Re: [DNSOP] [Ext] I-D Action: draft-ietf-dnsop-serve-stale-03.txt

> On 5 Mar 2019, at 2:59 pm, Paul Wouters <paul@nohats.ca> wrote:
> 
> On Tue, 5 Mar 2019, Mark Andrews wrote:
> 
>>> On Tuesday, 5 March 2019 02:21:42 UTC Christopher Morrow wrote:
>>>> can I ask, what happens when a domain is intentionally down though? For
>>>> instance, take .eg... ~4yrs back? (maybe 5?) Someone requested that the
>>>> master/shadow NS go down, hard. All public auth servers eventually (in a
>>>> day or so) went dark too.
> 
> 	"If the recursive server is unable to contact the
>         authoritative servers for a query "
> 
> So make the DNS server reachable, but return ServFail or NXDOMAIN. If
> the owner doesn't cooperate and there is legal standing, talk to the
> parent to do this for the delegation.
> 
> I don't think this draft stops a domain from being brought down
> intentionally.
> 
>>> i already raised that question, very far up-thread. got no answer.
>>> 
>>>> If someone is 'ordered' to make a zone dark, there may be reasons for that
>>>> action, and real penalties if the request is not honored.
>>>> Is this draft suggesting that the DNS operations folk go against the wishes
>>>> of the domain owner by keeping a domain alive after the auth servers have
>>>> become unreachable?

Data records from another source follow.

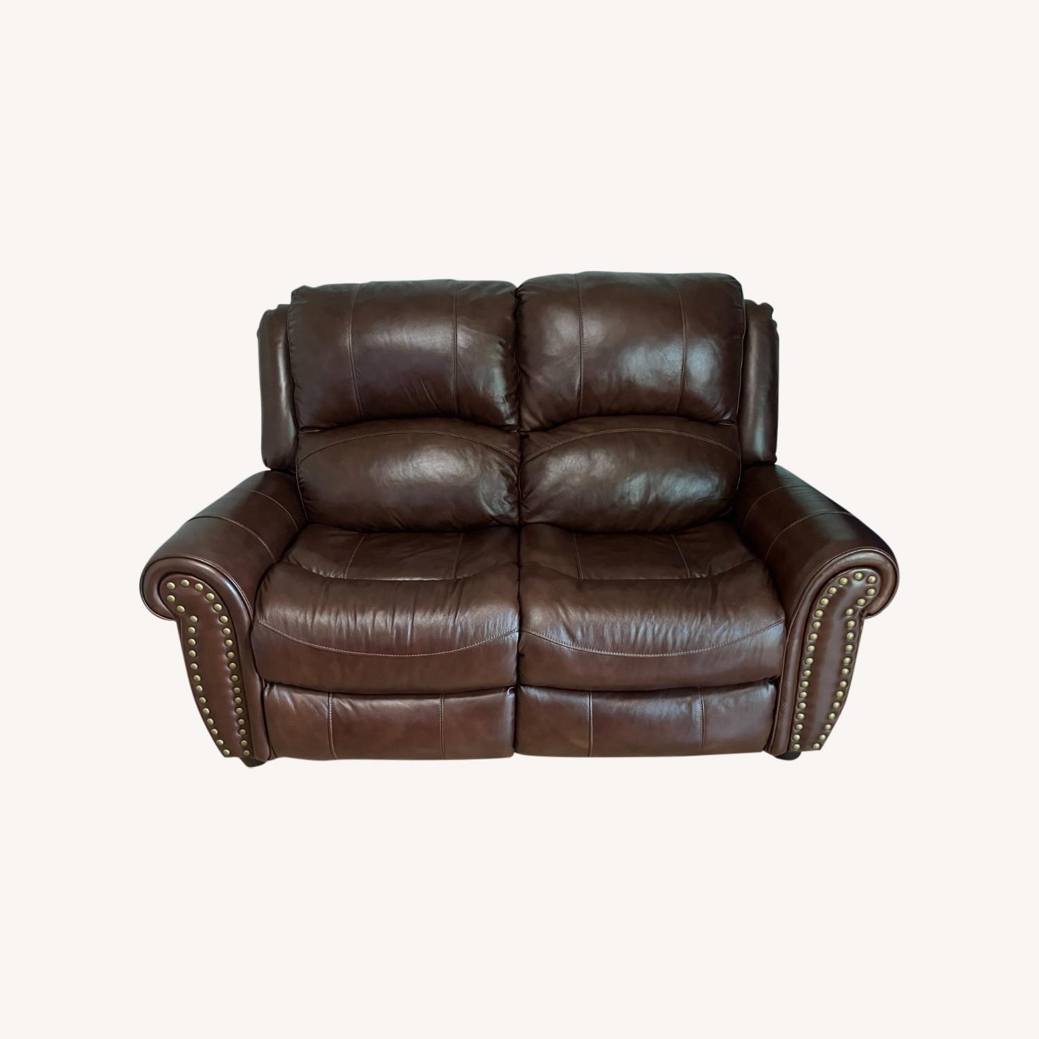 Seller's Notes:This loveseat has arm rests with gold colored metal studs for a classic and unique look. It had been in a home without children or pets, so it has little wear. It was purchased and put into a secondary room when consolidating apartments, so rarely used and in great shape. It is 68” long 39” deep and 47” tall. The arm rests are 25” from the floor. The seat is 20” deep and 20” from the floor. It is easy to move as the back rests are detachable making it much lighter and more movable for tighter areas in the house (aka corner and stairs).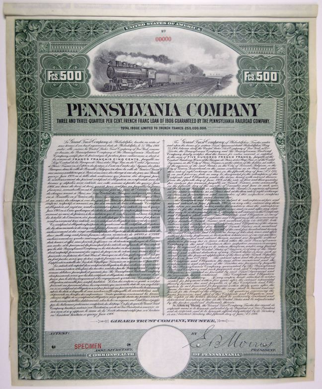 Pennsylvania. France. 500 French Francs Specimen 3 3/4% Guaranteed Coupon Bond, Black text with green border and underprint, Illustration of a Pennsylvania Company train passing by on tracks at top. Red specimen overprints, "00000" serial numbers, and POC's, VF with some minor staining on the back of the bond, ABNC. Only listed as a specimen in Cox, Rare.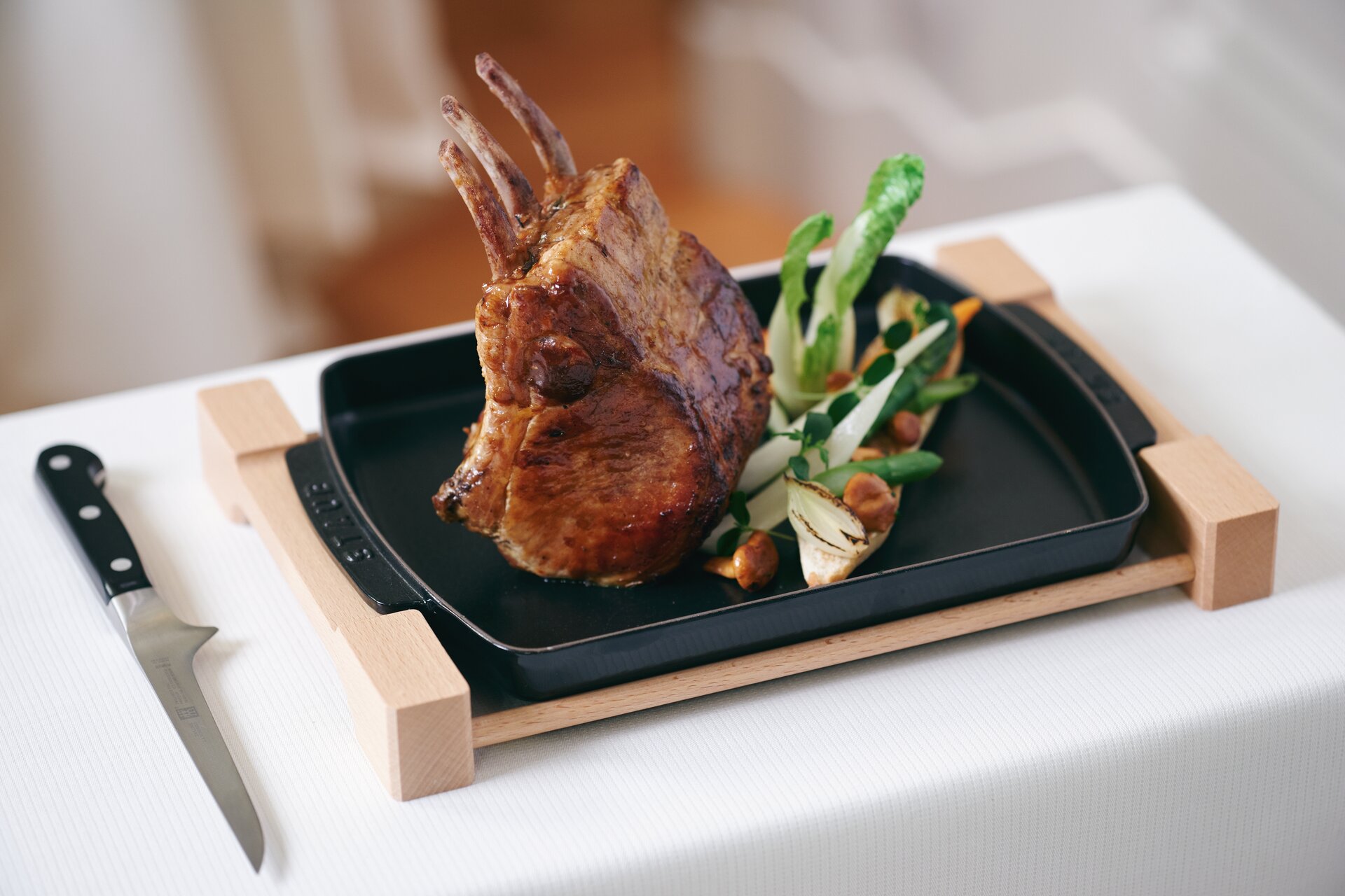 Diese rechteckigen Auflauffomen mit Holzunterlage aus der Serie Staub Accessories können Sie verwenden, um am Tisch warme Speisen zu servieren, ohne dass der heiße Tellerboden den Tisch beschädigt.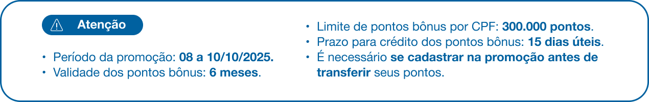 Após se cadastrar, transfira seus pontos até 10/10/2025.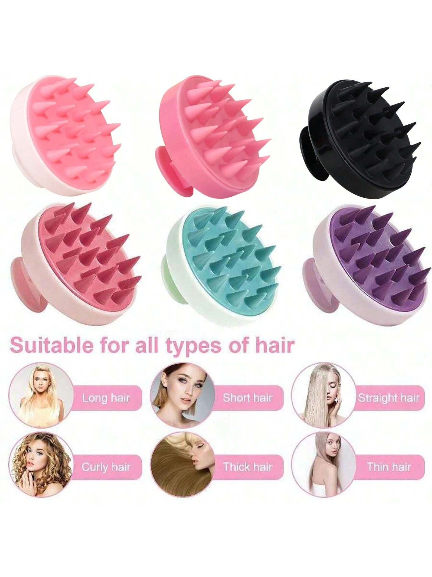 Brosse de massage en silicone hypoallergénique, douce pour le cuir chevelu. Nettoie en profondeur, stimule la circulation sanguine et favorise la pousse des cheveux. Utilisable à sec ou sous la douche. Convient aux hommes, femmes, enfants et animaux de compagnie. Coloris au choix : rose pastel, vert menthe, violet lavande.

How would a recursive resolver know that the auth is
>>>> down: "By mistake" vs: "By design" ?
> 
> The DNS resolvers who want to accomodate their governments need to
> manually override their resolvers anyway with new (forged) data. This
> draft does not change that.
> 
> If the owner itself wants to bring the domain down, they just need to
> make its auth servers reachable.
> 
> If the DNS hoster wants to bring it down, they just need to modify the
> data it serves resulting in NXDOMAIN, ServFail or 127.0.0.1 A records.
> 
>>> this the essence of the argument against utility for this entire proposal. no
>>> data should be served beyond its TTL unless some new leasing protocol is first
>>> defined, to obtain permission and to provide a cache invalidation method.
> 
> I don't really follow this reasoning. Are you saying that:
> 1) if the domain owner wants their domain to be reachable
> 2) and they have lost their auth servers due to a DDOS attack
> 3) they might prefer to be down over extending the TTL a bit
> 
> In the non-DDOS case, the auth server is reachable and none of the data
> is getting additional TTL added:
> 
>   Answers from authoritative servers that have a DNS Response Code of
>   either 0 (NOERROR) or 3 (NXDOMAIN) MUST be considered to have
>   refreshed the data at the resolver.  In particular, this means that
>   this method is not meant to protect against operator error at the
>   authoritative server that turns a name that is intended to be valid
>   into one that is non-existent, because there is no way for a resolver
>   to know intent.
> 
> Although perhaps it should also explicitely state this regarding
> ServFail ?
> 
>> And one can to that if we add 2 TTLs to each DNS record. One for total time to
>> live and one for freshness (old client get this).  It will require EDNS to signal
>> that multiple TTLs are desired and are present in the response and may require
>> using the last DNS flag bit to move the OPT record to in front of the question
>> section to make parsing easier (no trial and error).
>> 
>> Yes, this is radical but it will work and is incrementally deployable.
> 
> See above. It seems a bit overkill for a strange corner case. But even
> so, one could specify the maximum ever allowed TTL to be like 3 days? Which
> I think is kind of enforced by most DNS resolvers anyway?
> 
> Adding more TTLs would just make this more complicated and more error
> prone and not lead to reduced outage times which is the goal of this
> draft.

For those with long existing TTLs it would allow them to refresh the records
earlier allowing them to exist in caches longer during the DoS event.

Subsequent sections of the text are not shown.